▶ [EXERCISE DETAILS]: Which lines run from the line with "Zawsze mnie dziwi, że" to the end of the entries? Write out exactly those, leaving out the pictures.

▶ [Stored entries]:

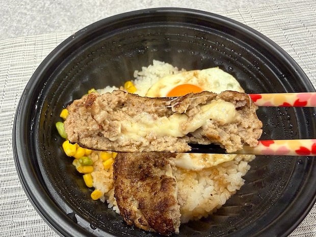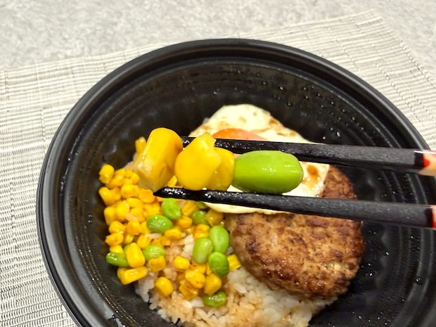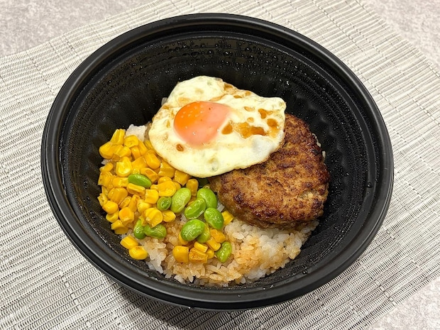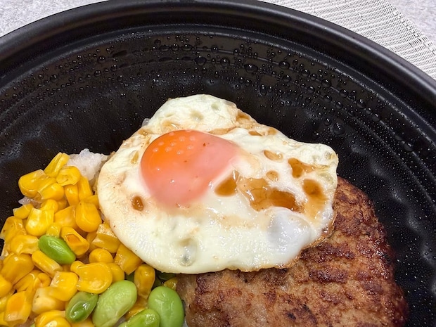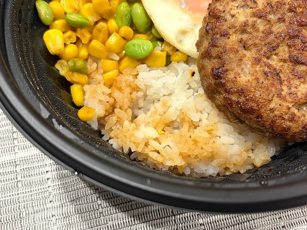 ご飯にミニチーズINハンバーグ、目玉焼き、コーン、枝豆をトッピングしたロコモコ丼。価格は760円(税込)と、比較的安価なテイクアウトメニューとなっています。
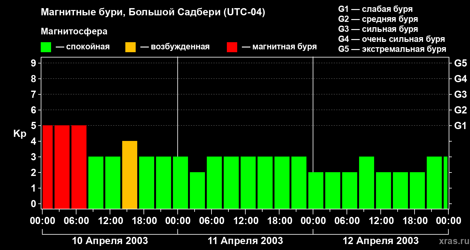 Изменения геомагнитного индекса Kp с 10 по 12 апреля 2003 года для средних широт
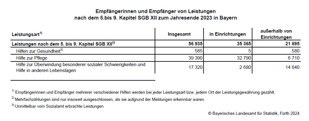 Nach Angaben des Bayerischen Landesamts für Statistik erhalten am Stichtag 31.12.2023 bayernweit 56 935 Personen Hilfeleistungen in besonderen Lebenslagen nach dem 5. bis 9. Kapitel SGB XII. Zu rund 62 Prozent werden die Leistungen in Einrichtungen erbracht. Hilfe zur Pflege stellt mit 39 390 Empfängerinnen und Empfängern den größten Leistungsblock dar.
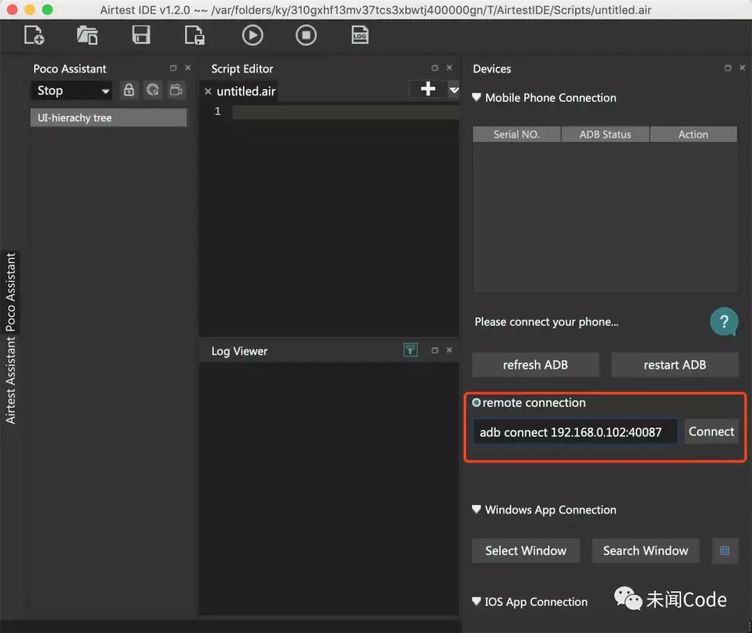 本文将会讲到具体的做法。做法分为两种:第一种是在Airtest的IDE中控制手机。第二种是在Python代码里面控制远程手机。
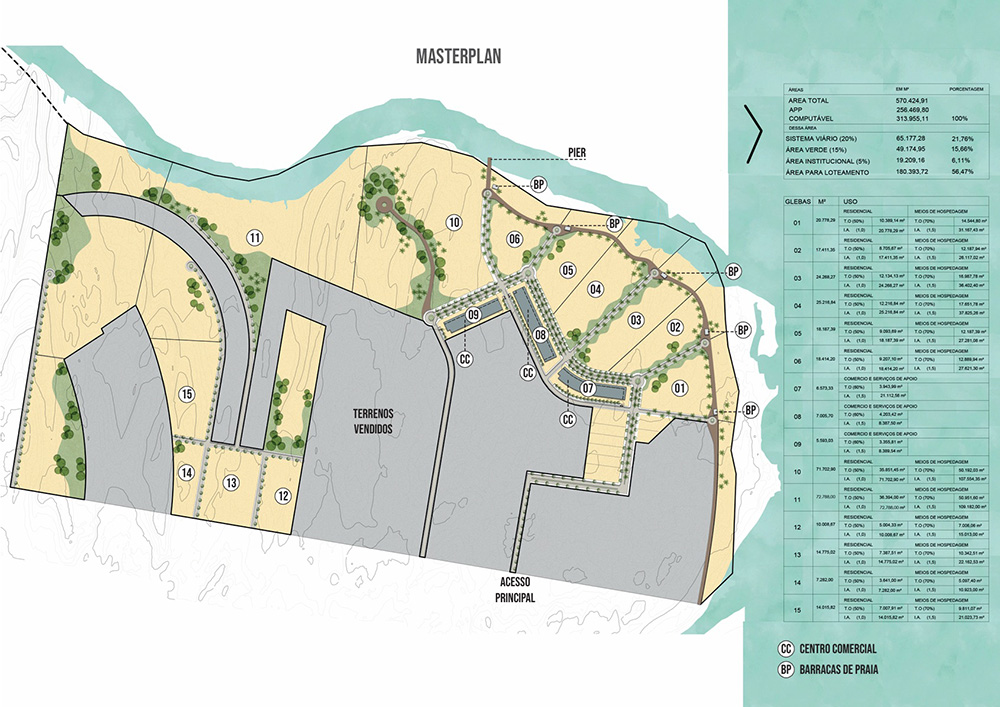 Uma das principais diretrizes foi a criação de um sistema viário com traçado radial, especialmente na porção norte do terreno, para privilegiar os eixos visuais em direção ao mar e ao rio. Essa escolha potencializa o aproveitamento turístico da região, especialmente com a previsão de grandes glebas voltadas para a implantação futura de pousadas e hotéis. Essas glebas estão estrategicamente posicionadas para atender a crescente demanda por hospedagem decorrente do turismo esportivo e de lazer.
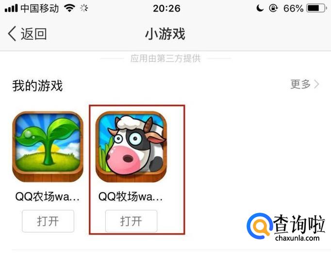 接着点击QQ牧场下方的打开,如下图所示。
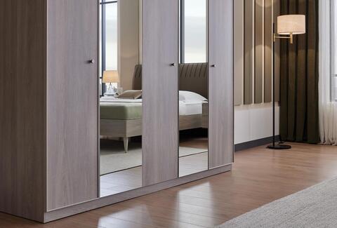 Гардероб выполнен в современном стиле. Благодаря использованию текстуры светлого дуба, профиля светло-серого цвета и зеркал на дверцах гардероб подчеркнет простоту и элегантность вашей спальни. На дверях гардероба используется зеркало натурального цвета.
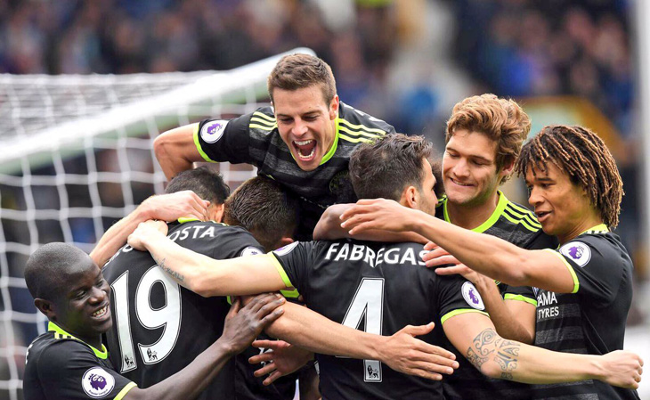 Chelsea unggul empat angka atas tim peringkat kedua Tottenham Hotspurs, setelah mengalahkan Everton 3-0 di Goodison Park, Minggu (30/4). Tiga gol kemenangan The Blues dicetak oleh Pedro, Gary Cahill, dan Willian.
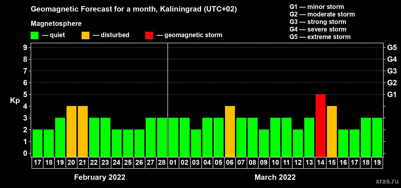 Geomagnetic activity forecast in Kaliningrad — Feb 17, 2022
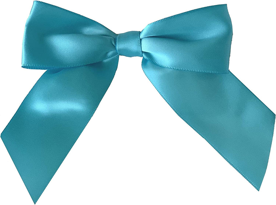 Pre-Tied Turquoise Blue Satin Bows - 4 1/2" Wide, Set of 12
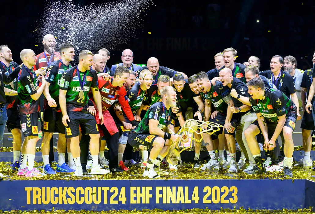 Siegerehrung, Jubel Team MD mit dem Pokal, Mannschaft, Winner, den Matthias MUSCHE MD haelt, Handball Champions League Final Four, Finale, SC Magdeburg MD vs. Barlinek Industria Kielce 30:29 n.V., am 18.06.2023 in Koeln/ Deutschland. Ă‚ *** Award ceremony, cheering Team MD with the cup, Team, Winner held by Matthias MUSCHE MD, Handball Champions League Final Four, Final, SC Magdeburg MD vs Barlinek Industria Kielce 30 29 n V , on 18 06 2023 in Cologne Germany Ă‚,Image: 784222512, License: Rights-managed, Restrictions: , Model Release: no
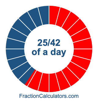 Here we will show you how to calculate exactly how many hours, minutes, and seconds there are in 25/42 of a day. We will also illustrate what 25/42 of a day looks like on a pie chart.
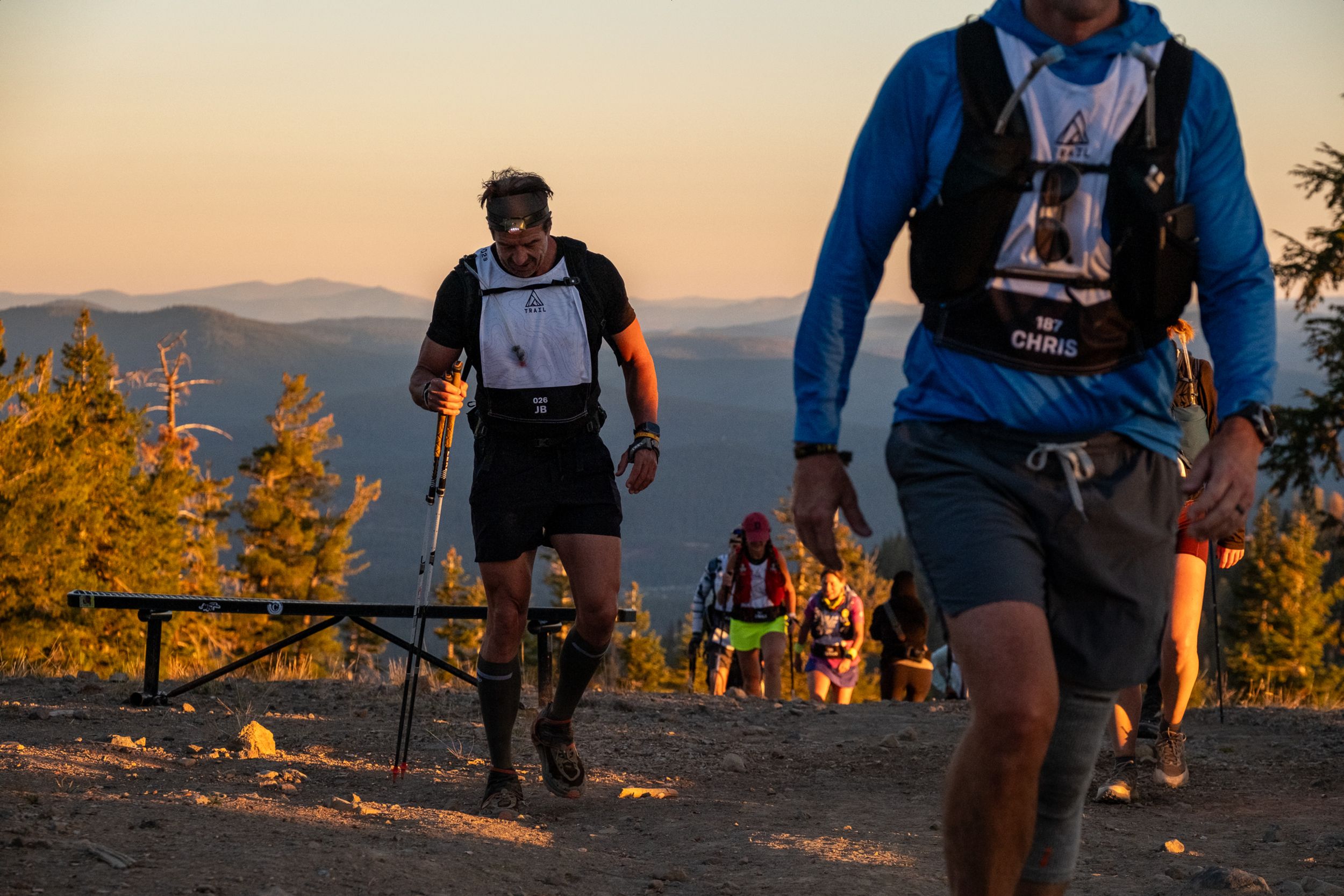 Trail runners ascend a dirt path at sunset. In the foreground, a runner ...
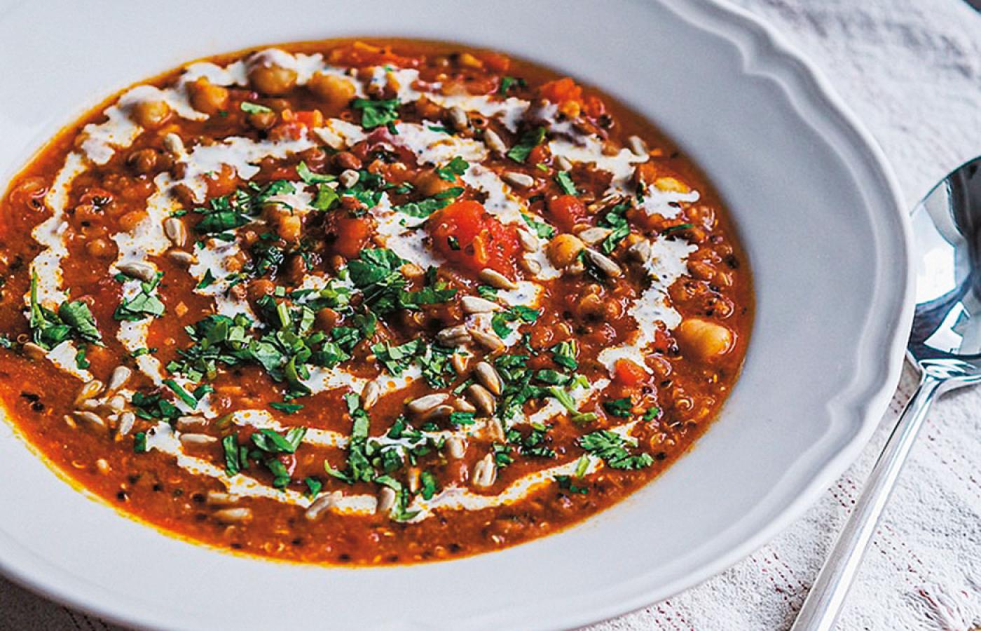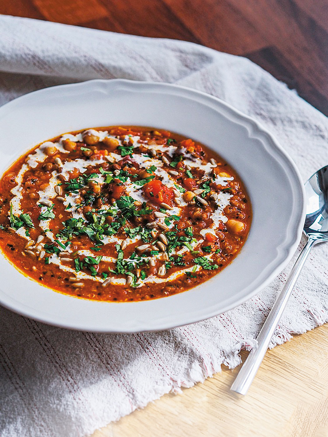 Zawsze mnie dziwi, że w naszej kuchni jest tak mało strączków – jemy trochę grochu, białej fasoli, niektóre regiony mają dania z soczewicy, ale to właściwie tyle. A tak wiele jest sposobów na ich przygotowanie! Moja jesienna zupa – oprócz strączków – wymaga tylko paru łatwo dostępnych składników, minimum uwagi i 40 minut. Taka zupa syci, krzepi (złamanego serca raczej nie polepi, ale próbować można) i pomaga bardziej cieszyć się jesienią/zimą.
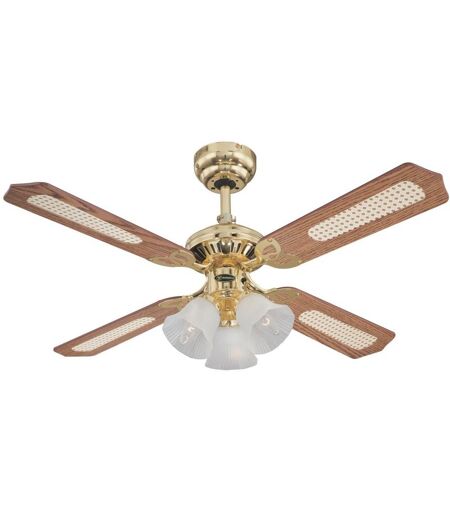 Westinghouse Lighting 78199 Ventilatore Da Soffitto In Ottone Lucido Da 105 Cm Princess Trio, Kit Di Luce Con Vetro Smerigliato, Finitura In Ottone Lucidato, Pale
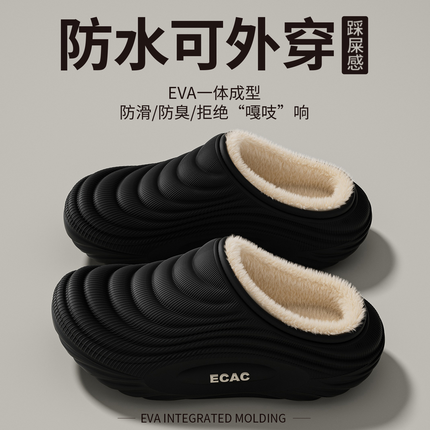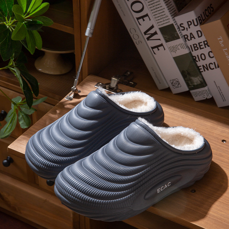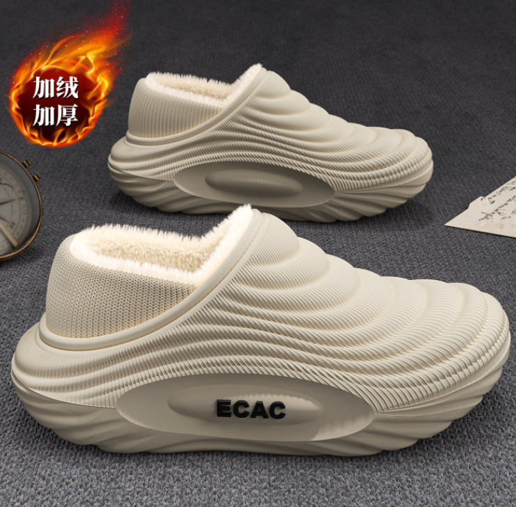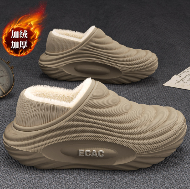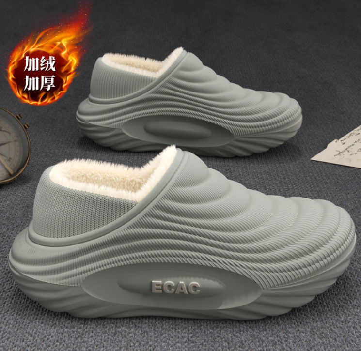 男士防寒防水保暖家居棉鞋2025冬季新款防滑软底室内包跟月子拖鞋
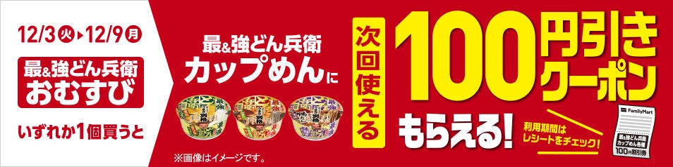 期間中に「最強どん兵衛 きつねむすび」「最強どん兵衛 かき揚げむすび」のいずれか1個を購入いただくと、「日清の最強どん兵衛(カップめん)」いずれか1品に次回使用できる100円引きクーポンがもらえます。
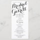 Svart och vit textdesign, utskrivet rackkort bröllopsprogram ändrar färg på texten som det ska.
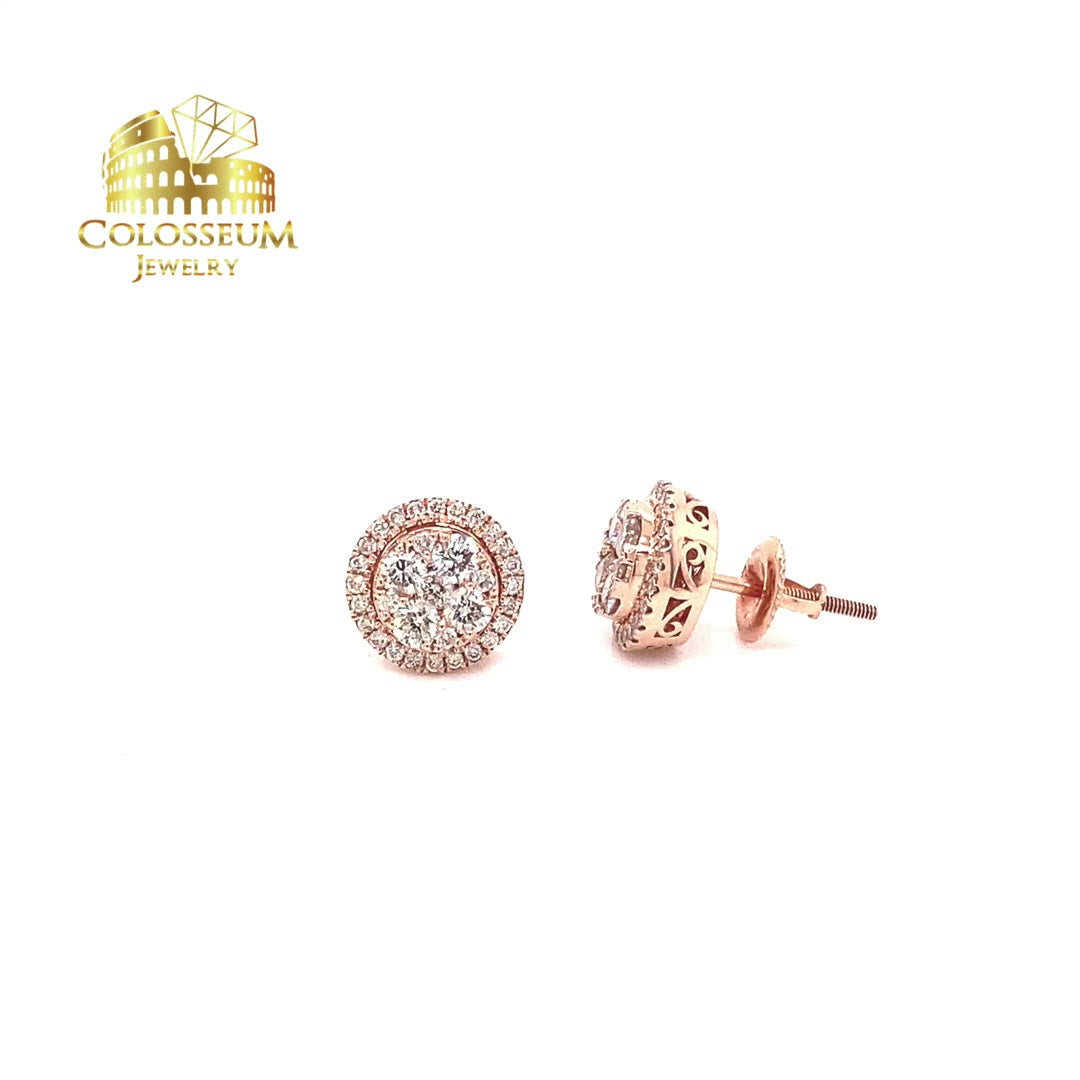 Nothing beats these custom 14K Rose Gold Diamond Halo Stud Earrings.

▶ [EXPECTED ANSWER]:
 Zawsze mnie dziwi, że w naszej kuchni jest tak mało strączków – jemy trochę grochu, białej fasoli, niektóre regiony mają dania z soczewicy, ale to właściwie tyle. A tak wiele jest sposobów na ich przygotowanie! Moja jesienna zupa – oprócz strączków – wymaga tylko paru łatwo dostępnych składników, minimum uwagi i 40 minut. Taka zupa syci, krzepi (złamanego serca raczej nie polepi, ale próbować można) i pomaga bardziej cieszyć się jesienią/zimą.
 Westinghouse Lighting 78199 Ventilatore Da Soffitto In Ottone Lucido Da 105 Cm Princess Trio, Kit Di Luce Con Vetro Smerigliato, Finitura In Ottone Lucidato, Pale
 男士防寒防水保暖家居棉鞋2025冬季新款防滑软底室内包跟月子拖鞋
 期間中に「最強どん兵衛 きつねむすび」「最強どん兵衛 かき揚げむすび」のいずれか1個を購入いただくと、「日清の最強どん兵衛(カップめん)」いずれか1品に次回使用できる100円引きクーポンがもらえます。
 Svart och vit textdesign, utskrivet rackkort bröllopsprogram ändrar färg på texten som det ska.
 Nothing beats these custom 14K Rose Gold Diamond Halo Stud Earrings.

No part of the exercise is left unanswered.